##### RECORD SET

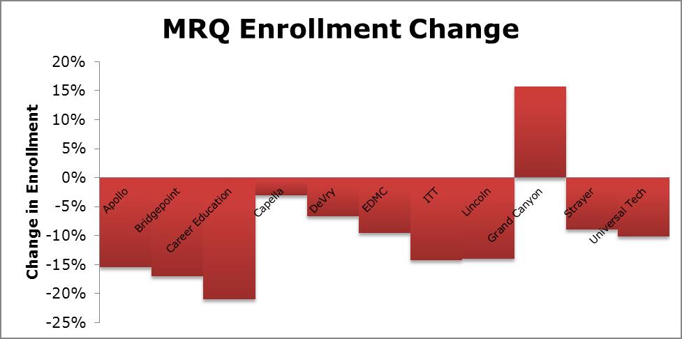 Nearly every constituent faced a double-digit drop in enrollment, and only Grand Canyon (click ticker for report: ) increased enrollment. We believe there are several factors driving the enrollment declines, as we outline below.
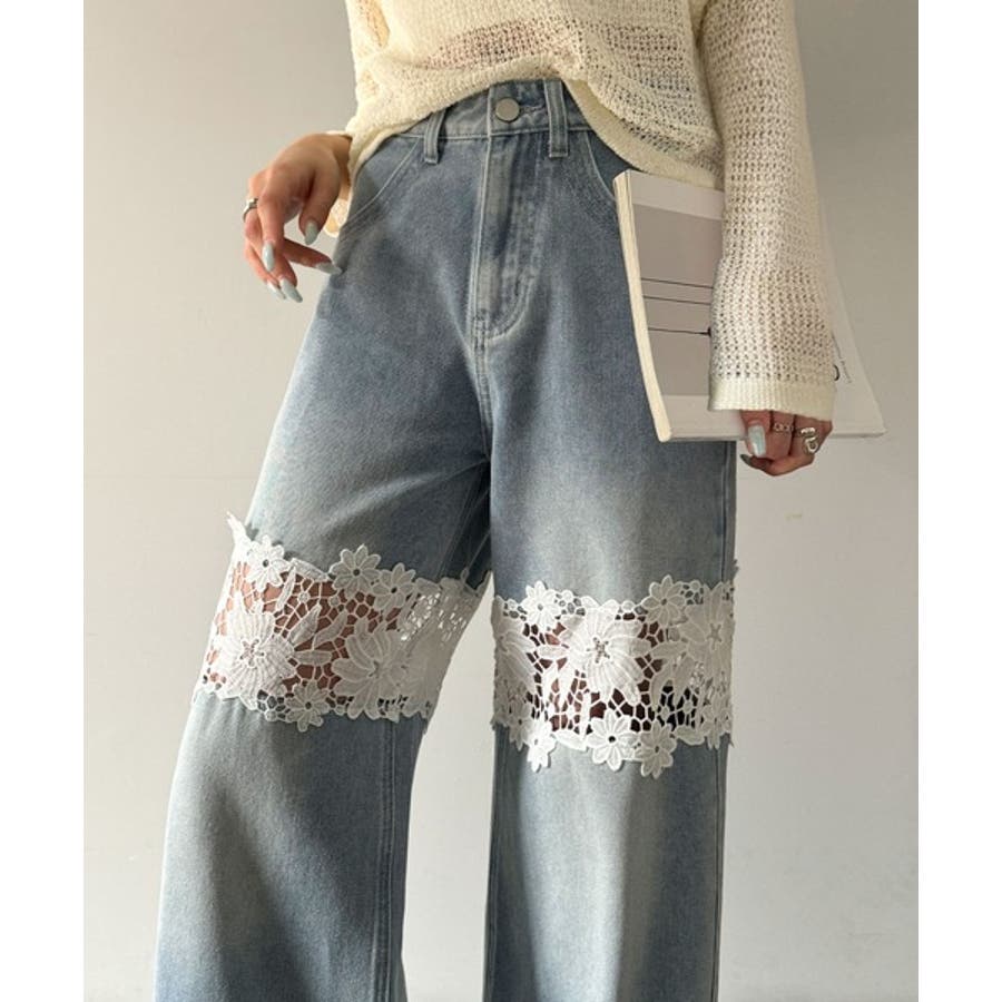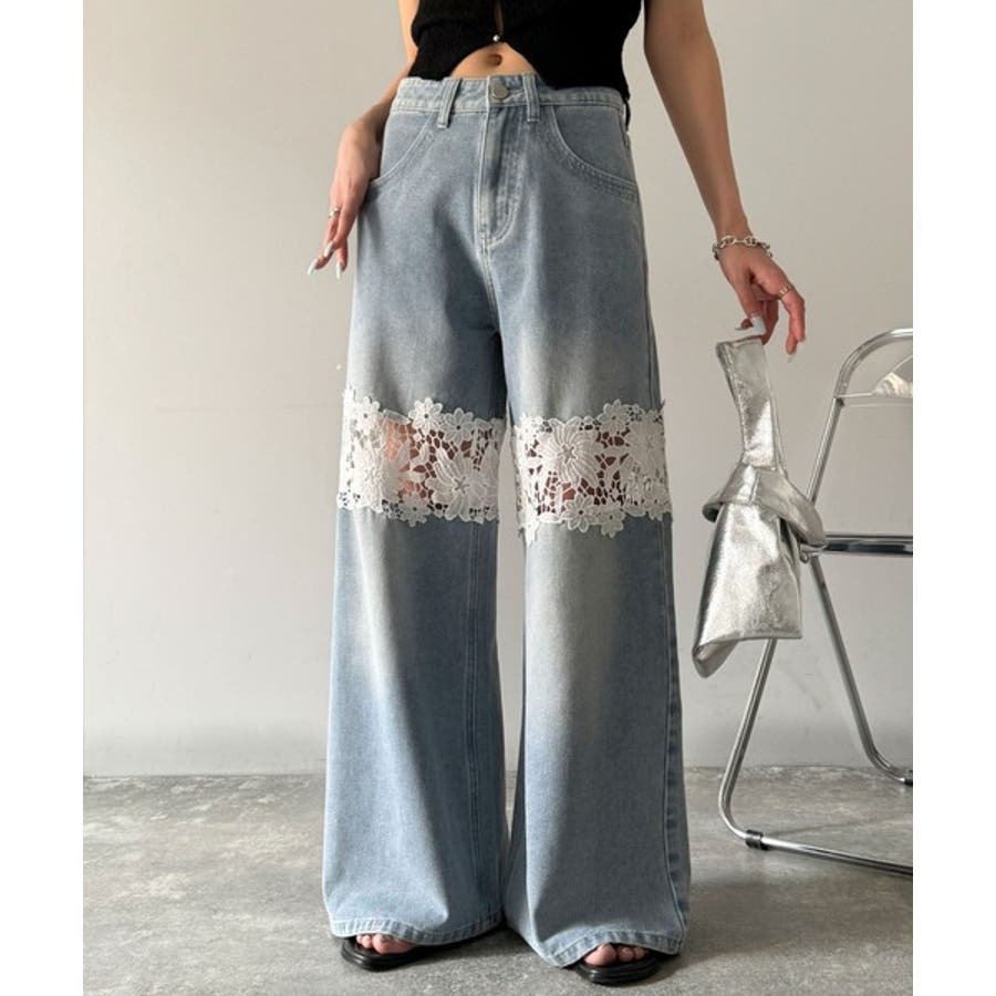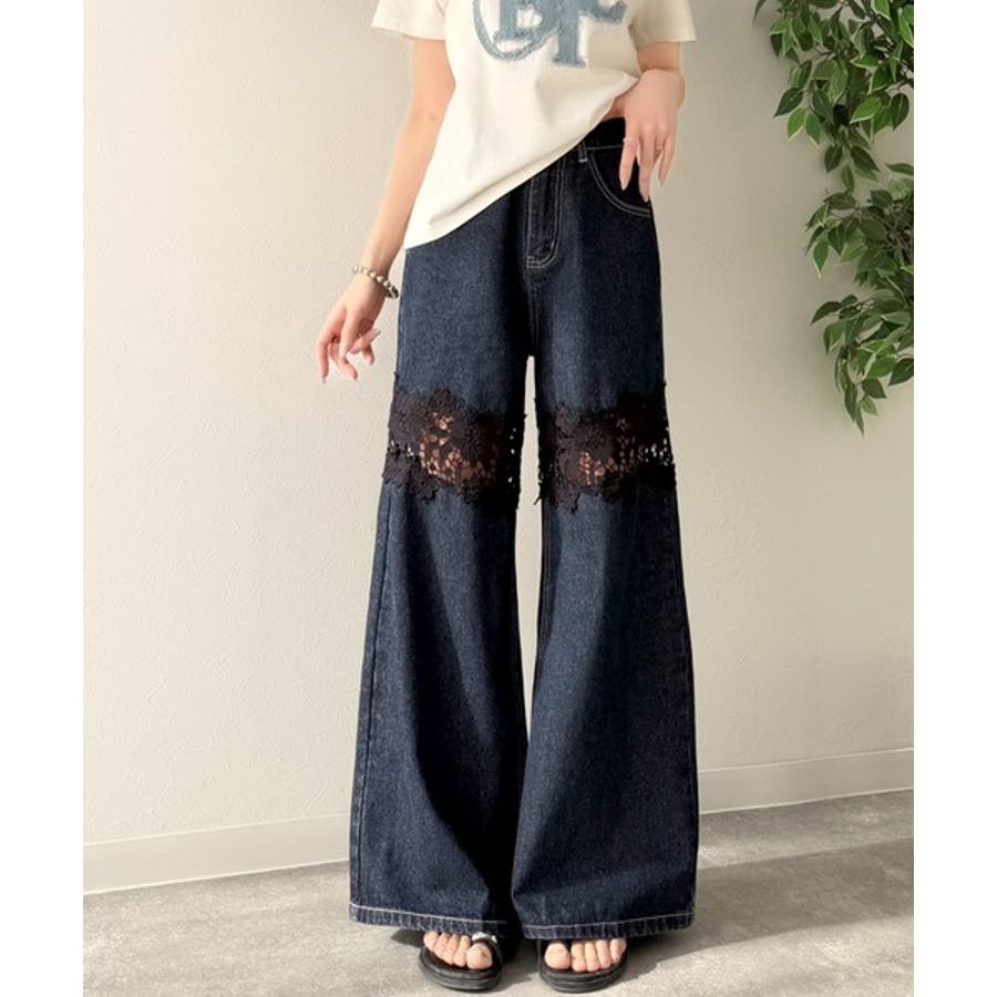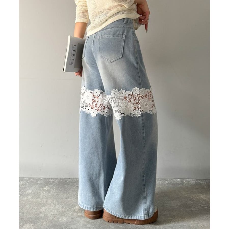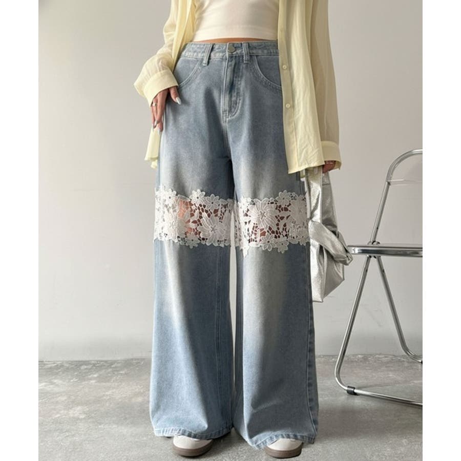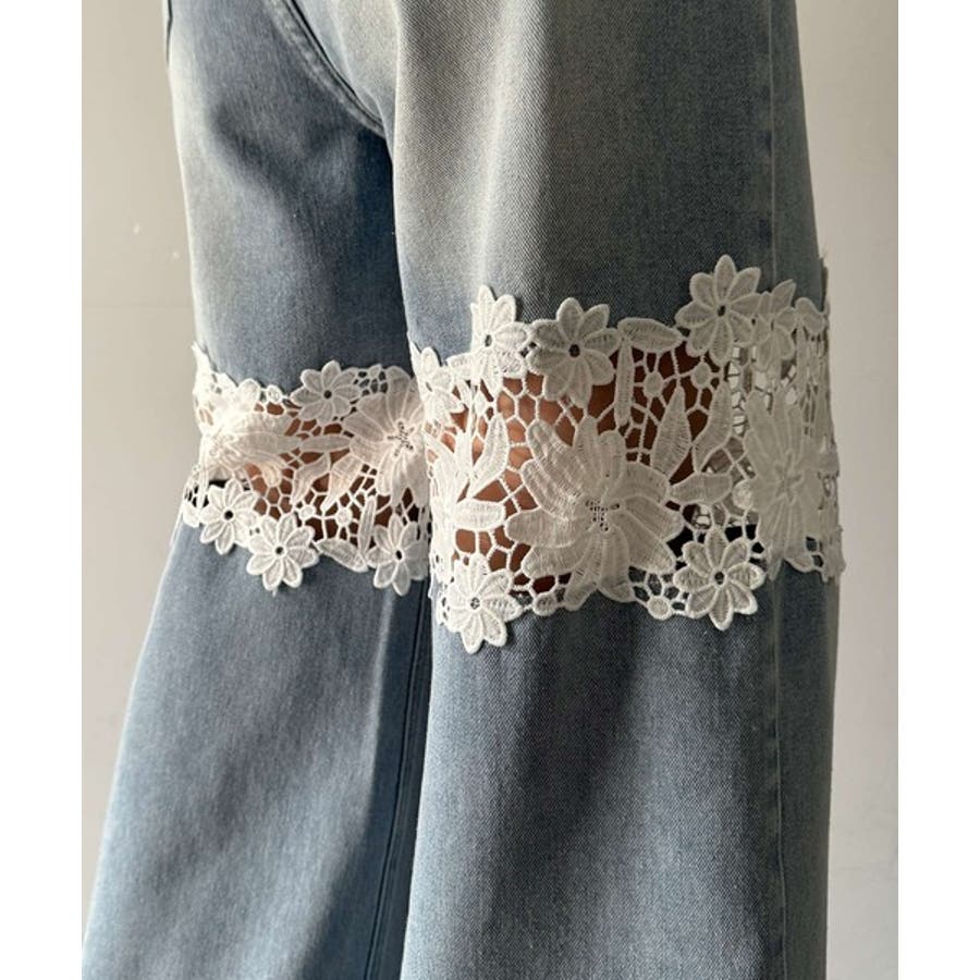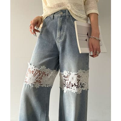 花柄レースワイドデニムパンツ♪
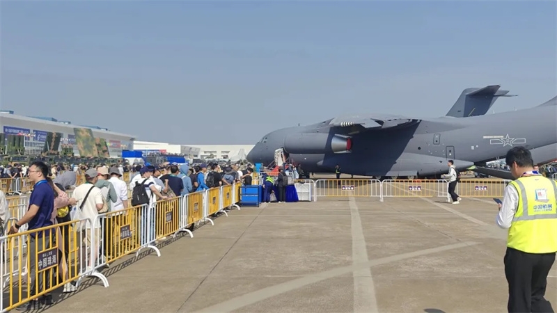 本次航展,首次开放展示运-20飞机货舱,为大家提供“零距离”感受接触空军“战略重器”的机会。运-20总师唐长红,甚至当起了“导游”,他提醒大家:“走进‘胖妞’别忘了看地板和机身有多少门道”。
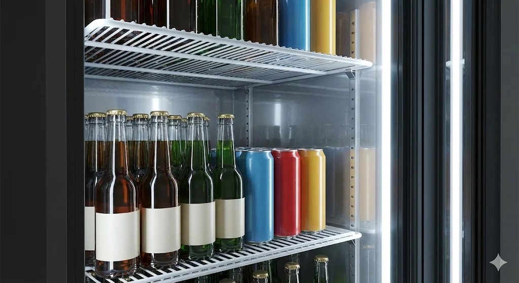 고회전 매장: 점심시간 등 특정 시간에 고객이 몰리는 매장이라면, 판매량의 1.5배 정도를 수용할 수 있는 넉넉한 용량의 음료 쇼케이스를 선택하여 재고 부족 사태를 방지해야 합니다.
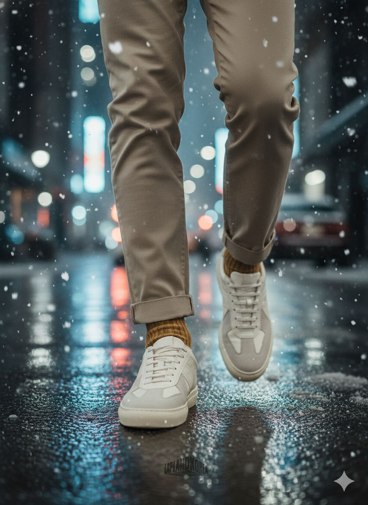 습도, 땀, 온도차등의 개인차로 인해 흰양말 또는 밝은색 양말에 이염이 발생될수 있습니다. 또는 젖은 발로 착화하거나 신발이 물에 젖게됐을 시
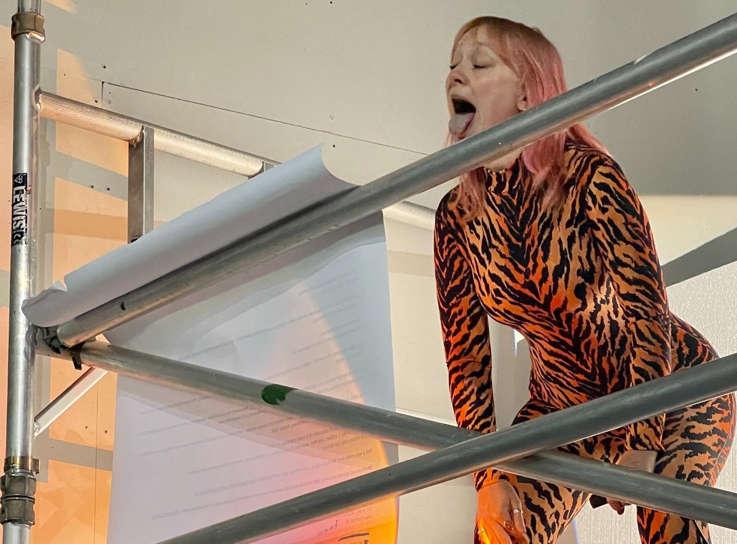 Tiger Helix (Oblivion) is a 3-day micro residency at Towner as part of an ongoing project by artist Sophie Chapman. In expansive installation and playful performance it explores wild and queer ways to change and get free in the face of polycrisis*

##########

> _TASK DIRECTIONS_
Each line of the data must be transcribed exactly; pictures are not carried over.

> _RESPONSE BOX_
 Nearly every constituent faced a double-digit drop in enrollment, and only Grand Canyon (click ticker for report: ) increased enrollment. We believe there are several factors driving the enrollment declines, as we outline below.
 花柄レースワイドデニムパンツ♪
 本次航展,首次开放展示运-20飞机货舱,为大家提供“零距离”感受接触空军“战略重器”的机会。运-20总师唐长红,甚至当起了“导游”,他提醒大家:“走进‘胖妞’别忘了看地板和机身有多少门道”。
 고회전 매장: 점심시간 등 특정 시간에 고객이 몰리는 매장이라면, 판매량의 1.5배 정도를 수용할 수 있는 넉넉한 용량의 음료 쇼케이스를 선택하여 재고 부족 사태를 방지해야 합니다.
 습도, 땀, 온도차등의 개인차로 인해 흰양말 또는 밝은색 양말에 이염이 발생될수 있습니다. 또는 젖은 발로 착화하거나 신발이 물에 젖게됐을 시
 Tiger Helix (Oblivion) is a 3-day micro residency at Towner as part of an ongoing project by artist Sophie Chapman. In expansive installation and playful performance it explores wild and queer ways to change and get free in the face of polycrisis*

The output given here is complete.